On March 15, I had the opportunity to testify at the U.S. House Foreign Affairs Subcommittee on Europe, Eurasia, and Emerging Threats, chaired by California Rep. Dana Rohrabacher, on the topic of whether the U.S. government should change its policy toward national self-determination movements. I’m posting here my written testimony (my oral testimony had to be briefer). The conversations with the congressmen were interesting, and I think they revealed something about the foundations of U.S. policy toward such movements. Rep. Weber grilled me a bit about whether countries such as Spain, France, and Italy that prohibit secession in their constitutions should not enforce their constitutions. I responded that these countries should change their constitutions. However, another point I would make now is that the purpose of constitutions is to constrain governments, not citizens. Statutes and administrative regulations constrain citizens, but the constitution in turn restricts the ways in which government can create and implement these rules. So a constitutional prohibition against secession could really be enforced only against government agencies, and a government would be well within its legal rights to allow citizens to pursue secession, even in the face of a constitutional prohibition.

Introduction

National self-determination movements seek greater self-government for a national minority, typically including the right to vote on forming a new independent state. Recent examples of successful self-determination movements include South Sudan, Kosovo, Montenegro, and East Timor. Ongoing self-determination claims are found in Scotland, Catalonia, the Faroe Islands, Kashmir, Tamil Eelam, Somaliland, Western Sahara, West Papua, Tibet, Mindanao, and many other places. Like other states, the U.S. government faces decisions about whether to recognize declarations of independence, to enter into diplomatic relations with new states, and to engage in diplomacy with other states about self-determination movements within their borders.

In my testimony, I will first describe the current state of self-determination movements around the world, then summarize what scholars have learned about the relationship between self-determination conflicts and violence. I will conclude by assessing the validity of claims advocating the creation of new states or changes to national borders.

The Current State of Self-Determination Movements

Self-determination movements generally take one of two forms: political parties and armed groups. Currently, secessionist political parties that seek at least a vote on independence are found in Belgium (Flanders), Canada (Quebec), Denmark (Faroe Islands and Greenland), Finland (Åland), France (Brittany and Corsica), Germany (Bavaria), Italy (Veneto and Sardinia), Spain (Catalonia, the Baleares, the Basque Country, Navarre, Canary Islands, and Galicia), the UK (Scotland and Wales), and the United States (Alaska and Puerto Rico). In addition, irredentist parties, which seek to move territory from one country to another, are present in the UK (Northern Ireland) and Italy (South Tyrol).

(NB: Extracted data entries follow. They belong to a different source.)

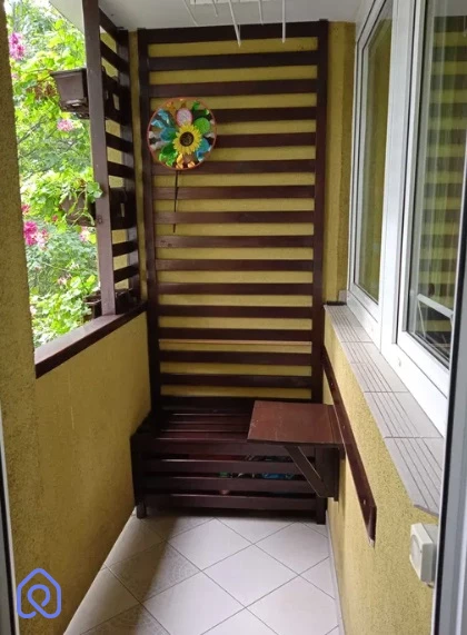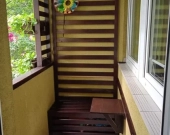 - Balkon typu loggia, zabudowany funkcjonalnymi meblami ławką ze skrzynią, którą można wykorzystać do gromadzenia różnych rzeczy oraz zamykanym stolikiem.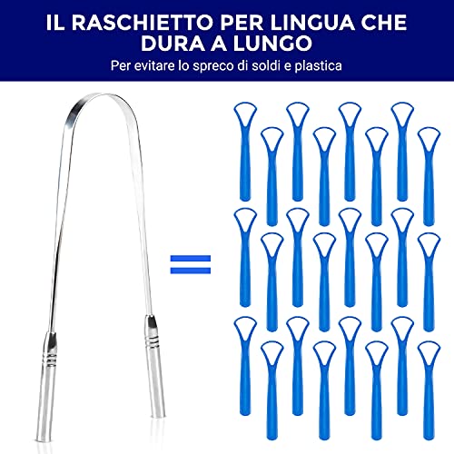 COMBATTE L'ALITO CATTIVO: Il nostro pulisci lingua in metallo è uno dei principali rimedi per l'alito cattivo approvato dai dentisti. Utilizzare il raschietto in acciaio permette di pulire la lingua in maniera più efficace rispetto a un modello in plastica o a uno spazzolino da denti. Questo raschietto pulisci lingua permette di “grattare via” l'ansia e la poca autostima, garantendoti una bocca più fresca e pulita!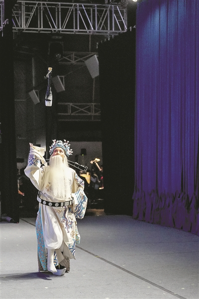 一场戏结束,很多观众并不离开现场,而是从随身带的包里翻出吃的,坐在观众席上看着台上的工作人员忙碌,只为晚上演出不用再次排长队入场。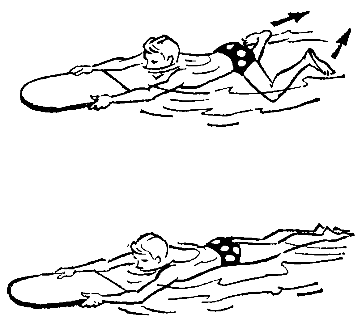 После двух-трех занятий можно посоревноваться с партнером: кто больше проскользит в воде от одного гребка ногами, держась руками за доску, кто скорее преодолеет 5 или 10 м, кто на 10-метровом отрезке сделает меньше гребков ногами.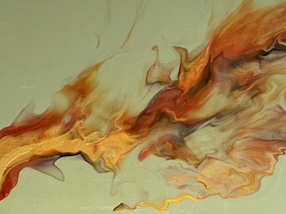 Painted on a deep edge canvas, continuing my concept from my first Awakening piece here I have used burnt orange, golds, copper and contrasting chocolate brown to create the wing like composition of bird in flight.

Armed self-determination movements are typically found in the developing world. Figure 1 shows where intrastate armed conflicts on territorial issues (generally, self-determination) occurred during the 2011-2014 period. These conflicts require at least 25 battle deaths in a single year to be counted.

territorial conflicts map

Developing countries usually forbid self-determination movements from organizing as political parties. For instance, Turkey, India, Pakistan, Sri Lanka, and Russia make advocacy for the self-determination of a particular region a criminal offense — an act that would be protected by the First Amendment in the United States.

Western, liberal democracies typically allow secessionist parties to organize and contest elections, but they do not all allow for secession. The Canadian Supreme Court has ruled that Quebec secession is negotiable if the province votes by “a clear majority on a clear question” for independence. The United Kingdom negotiated the terms of an independence referendum for Scotland and agreed to be bound by the result. The Danish government concedes a right to independence for Greenland and the Faroe Islands, and breakup is routinely discussed as a legal option for Belgium. St. Kitts and Nevis and Liechtenstein have constitutional clauses protecting the right of secession. On the other hand, France, Spain, and Italy all have constitutions explicitly defining their countries as indivisible, thus proscribing secession.

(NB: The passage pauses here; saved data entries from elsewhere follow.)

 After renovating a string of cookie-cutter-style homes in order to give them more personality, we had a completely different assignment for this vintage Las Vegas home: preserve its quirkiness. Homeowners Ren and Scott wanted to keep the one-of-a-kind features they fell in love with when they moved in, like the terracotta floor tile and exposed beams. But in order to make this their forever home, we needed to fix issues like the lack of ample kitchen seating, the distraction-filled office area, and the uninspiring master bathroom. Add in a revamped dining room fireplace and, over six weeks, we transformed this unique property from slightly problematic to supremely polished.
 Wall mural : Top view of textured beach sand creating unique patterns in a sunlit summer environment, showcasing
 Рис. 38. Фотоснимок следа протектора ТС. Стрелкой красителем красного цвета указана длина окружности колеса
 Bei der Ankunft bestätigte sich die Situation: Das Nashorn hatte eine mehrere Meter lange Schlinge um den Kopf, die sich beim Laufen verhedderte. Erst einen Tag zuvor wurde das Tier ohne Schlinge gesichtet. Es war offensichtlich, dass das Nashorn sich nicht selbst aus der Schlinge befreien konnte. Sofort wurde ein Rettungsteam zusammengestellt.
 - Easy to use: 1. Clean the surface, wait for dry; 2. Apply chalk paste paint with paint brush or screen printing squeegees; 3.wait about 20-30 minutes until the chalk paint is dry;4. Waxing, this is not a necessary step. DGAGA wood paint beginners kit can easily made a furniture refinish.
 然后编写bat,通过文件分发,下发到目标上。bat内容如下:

Majority support for independence in a population is rare. As of this writing, in all the high-income democracies of Europe, North America, and the Pacific Rim, there is only one region in which parties clearly favoring short-run independence have won an absolute majority of votes in any recent election: Scotland. Furthermore, in Scotland, many voters voted for the Scottish National Party (SNP) without favoring independence, and support for independence has been below 50 percent in polls since that election, including
the September 18, 2014 referendum itself. Using data from the Minorities at Risk project, I found that as of 2003, 107 ethnonational minorities, 38 percent of the total number in the data set, had a secessionist organization of any size (Sorens 2012, 56). In a recent article, I estimated the percentage of the population supporting independence in every state of India, finding figures no higher than 20 percent anywhere (Sorens 2014, 264).

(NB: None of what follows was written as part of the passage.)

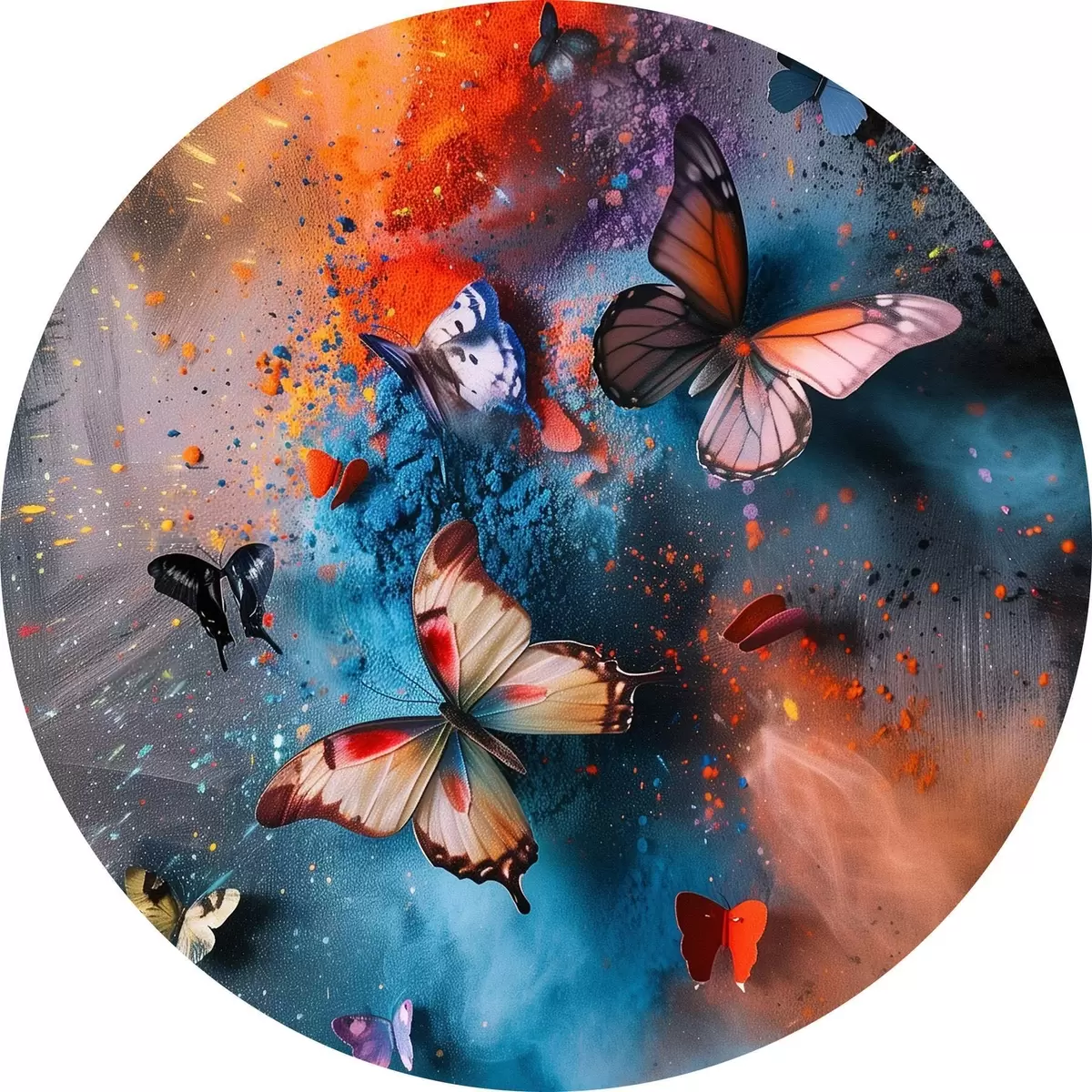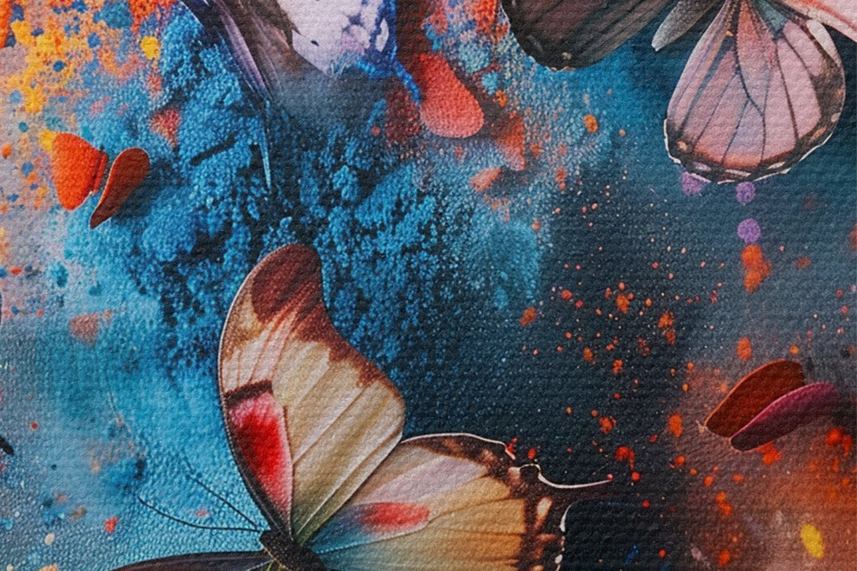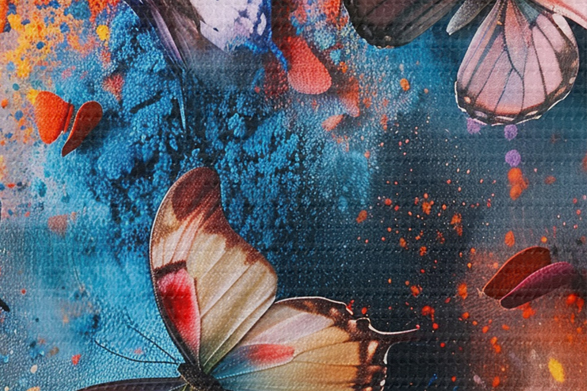 Nuotrauka Drugeliai dažų purslų fone Nr r39803

The Causes of Self-Determination Conflicts

Popular demand for independence comes from a combination of a distinctive cultural identity, territorial coherence, and either political or economic benefits of independence (Sorens 2005; Hale 2008; Sorens 2012). Having just one of these elements is not enough, which is why the vast majority of minority nations around the world do not have any secessionist movement at all.

One worry about allowing secessionist movements is so-called “contagion” across regions or countries, but secessionism does not in fact seem to be contagious across countries, although it does have a tendency to spread within a country (Ayres and Saideman 2000; Sorens 2012), which is why governments often crack down on them (Walter 2006).

At the individual level, there is some evidence that voter support for independence is rational, that is, related in the expected way to the expected benefits of independence (Howe 1998). However, there is a difficult-to-resolve debate about the extent to which independence support is caused by voters’ assessments of the benefits of independence, or if instead independence support causes those estimates of benefits through a process of rationalization (Mendelsohn 2003).

Secessionism is strongly associated with violent conflict (Toft 2003). In general, separatist civil wars last longer than other kinds of wars, implying that the warring parties cannot find negotiated settlements even when the conflicts are stalemated (Fearon 2004; Sorens 2012).

I find that providing a legal path to independence is associated with less ethnonationalist rebellion (Sorens 2012). The United Kingdom, Canada, Denmark, and Belgium have had much less secessionist violence than France, Spain, and Italy — and secessionist violence has gone away in Puerto Rico since the U.S. government informally recognized their right to independence. Clauses permitting secession were also crucial to peace agreements ending the conflicts in Northern Ireland, South Sudan, and Bougainville (part of Papua New Guinea). The European Union’s Treaty of Lisbon explicitly recognizes member states’ right to secede from the Union, because no country would want to join a union they could never leave.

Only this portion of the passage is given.